Os criadores/roteiristas/showrunners de Jack Ryan, produzida pela Amazon e já disponível na íntegra na plataforma, têm traquejo nesse tipo de enredo. Entre muitos outros créditos, Carlton Cuse tocou Lost em parceria com Damon Lindelof, e Graham Roland escreveu e produziu Fringe e The Returned.
São ambos especialistas em séries de alto impacto, em que o desdobrar da ação leva vantagem sobre o arco dramático.

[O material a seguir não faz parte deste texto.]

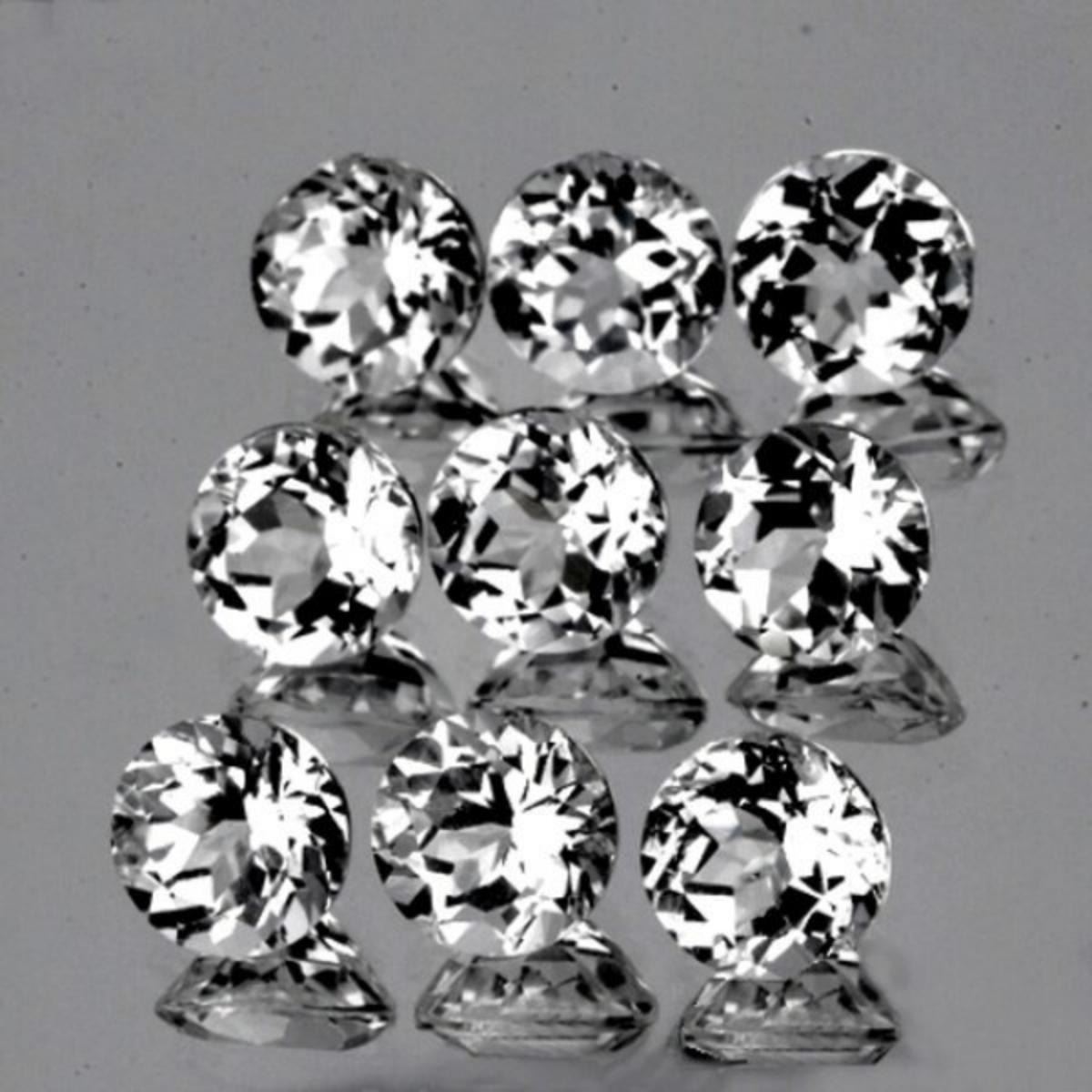Natural White TopazSIZE ( L x W x D ) : 5.00 mm;COLOR : Top Diamond Colorless White;SHAPE : Round;QUANTITY : 9 pieces;LUSTER : Excellent;CLARITY : FLAWLESS-VVS1; BEST QUALITYHARDNESS : 8;ORIGIN : Brazil; TREATMENT : None;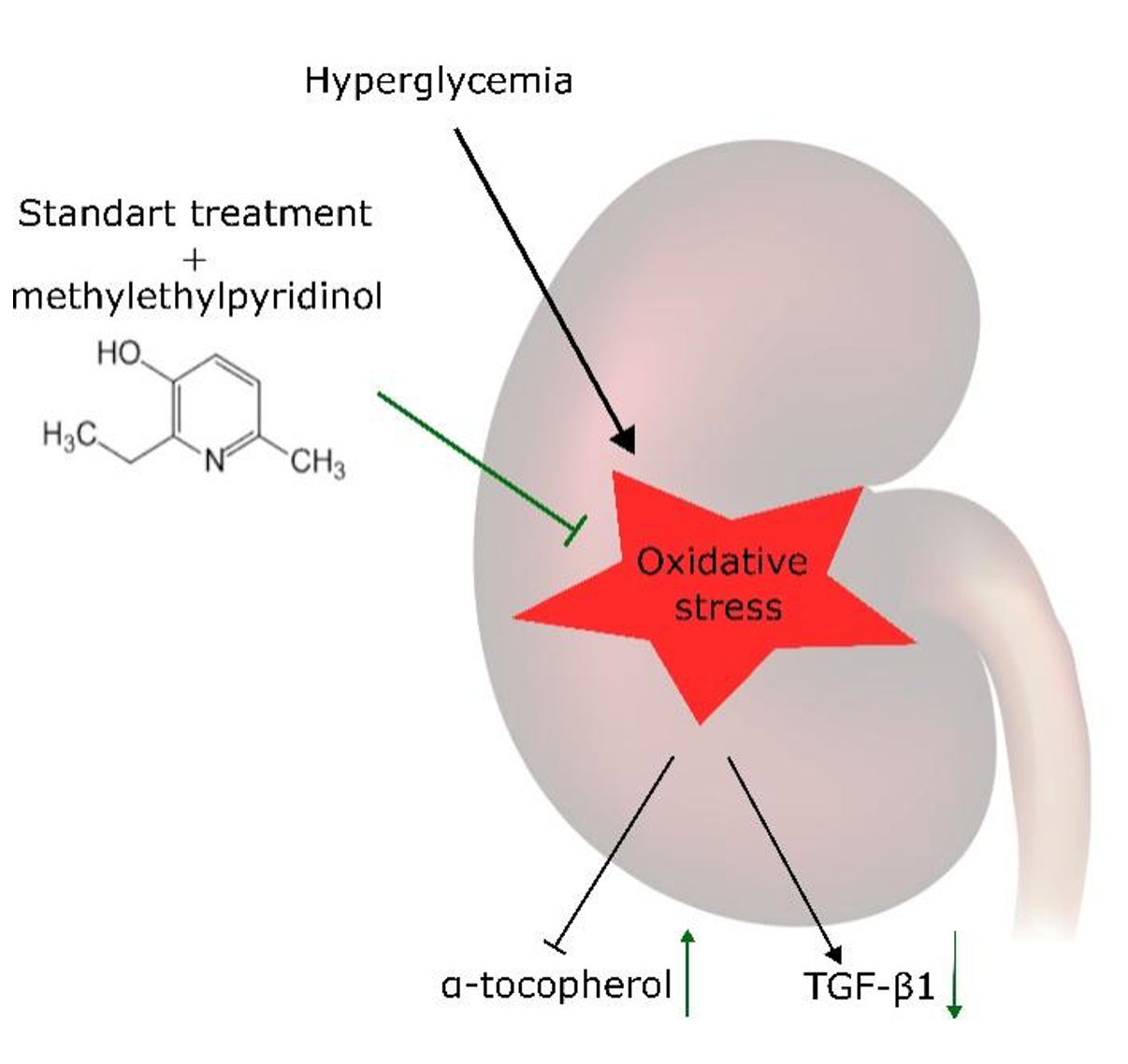 In the light of the above, it is crucial to develop new methods for the correction of CKD symptoms in patients with type 2 DM. These methods should be aimed at reducing the severity of oxidative and inflammatory stress. One potential approach may be the utilization of 3-hydroxypyridine derivatives. Among these, methylethylpyridinol hydrochloride has been identified as a promising candidate. Based on some research, this medication has been shown to enhance insulin sensitivity and improve glucose tolerance. Furthermore, it possesses antihypoxic and neuroprotective characteristics (Volchegorskiĭ et al. 2017). Other studies demonstrate that methylethylpyridinol hydrochloride can reduce the severity of oxidative stress due to its structure and properties that allow it to neutralise ROS (Popov et al. 2021a).

O formato enxuto de Jack Ryan – oito episódios de cerca de uma hora – favorece muito a vocação deles: potencializa suas vantagens e poda a tendência desse tipo de trama a se enrolar na própria mitologia. A produção, além disso, é de alto nível: Jack Ryan é a aposta mais alta da Amazon para 2018, e ninguém economizou no orçamento.
Mais do que tudo, o que eles têm em mãos aqui é um personagem de versatilidade praticamente inesgotável: excelente na análise e eficiente no campo, e um otimista que no entanto carrega alguns fantasmas brabos na bagagem, Ryan se adequa com facilidade a qualquer contexto geopolítico em que o joguem, e é interessante em qualquer fase de sua vida profissional e pessoal (nos livros do autor Tom Clancy e dos outros escritores que continuaram a coleção após sua morte, Ryan chega a diretor-adjunto da CIA e depois à Presidência).

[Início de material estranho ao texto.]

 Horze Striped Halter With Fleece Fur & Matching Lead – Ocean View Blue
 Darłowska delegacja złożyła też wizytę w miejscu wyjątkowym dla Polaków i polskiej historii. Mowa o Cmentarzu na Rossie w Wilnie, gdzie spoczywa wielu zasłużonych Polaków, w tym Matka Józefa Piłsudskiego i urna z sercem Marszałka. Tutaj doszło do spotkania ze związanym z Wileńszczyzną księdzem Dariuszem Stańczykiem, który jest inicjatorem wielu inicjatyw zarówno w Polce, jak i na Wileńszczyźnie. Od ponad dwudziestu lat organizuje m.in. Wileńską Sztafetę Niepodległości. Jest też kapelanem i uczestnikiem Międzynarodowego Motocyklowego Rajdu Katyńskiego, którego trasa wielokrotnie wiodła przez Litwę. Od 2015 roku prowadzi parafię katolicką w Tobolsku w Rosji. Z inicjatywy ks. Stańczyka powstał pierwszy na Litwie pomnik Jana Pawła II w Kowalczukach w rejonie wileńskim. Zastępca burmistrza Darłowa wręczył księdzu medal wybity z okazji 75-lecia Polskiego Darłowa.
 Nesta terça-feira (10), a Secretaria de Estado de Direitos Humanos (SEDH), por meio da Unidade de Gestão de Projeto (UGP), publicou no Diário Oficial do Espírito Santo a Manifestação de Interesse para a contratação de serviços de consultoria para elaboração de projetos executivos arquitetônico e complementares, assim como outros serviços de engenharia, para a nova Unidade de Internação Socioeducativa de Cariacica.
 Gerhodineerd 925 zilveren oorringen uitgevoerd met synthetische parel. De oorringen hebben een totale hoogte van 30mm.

A eficácia em crises está no próprio DNA do personagem, que foi lançado por Clancy em seguida a um dos momentos mais dramáticos da Guerra Fria – o ano de 1983, em que a rixa entre Estados Unidos e o bloco soviético por um triz não foi para o vinagre. Não é por acaso, portanto, que o cinema (e agora a TV) não se cansa dele, e já o entregou a Alec Baldwin (em Caçada ao Outubro Vermelho), Harrison Ford (Jogos Patrióticose Perigo Real e Imediato), Ben Affleck (A Soma de Todos os Medos) e Chris Pine (Operação Sombra: Jack Ryan).
Em John Krasinski, que vem de um sucesso como ator/roteirista/diretor (o terror Um Lugar Silencioso) e é um intérprete discreto e simpático, a série marca um ponto e tanto. Afável, inteligente e dedicado, mas sem o heroísmo bombado da encarnação de Harrison Ford, o Jack Ryan de Krasinski cresce em competência de forma convincente no decorrer dos oito episódios, e tem a mesma simpatia básica e entusiasmada que Alec Baldwin deu a ele em Outubro Vermelho.
Como em Outubro Vermelho(com Sean Connery) e em Soma de Todos os Medos, também (no qual Ben Affleck contracenava com Morgan Freeman), Jack Ryan oferece ao seu protagonista um contraponto excelente. Wendell Pierce pode não ser famoso como Connery ou Freeman, mas é um ator de grande gabarito, que faz o papel batido do chefe caído em desgraça parecer novo em folha. Quem viu séries como The Wire, Treme, Ray Donovan ou The Odd Couple sabe: já estava mais do que na hora de ele ganhar a popularidade que merece.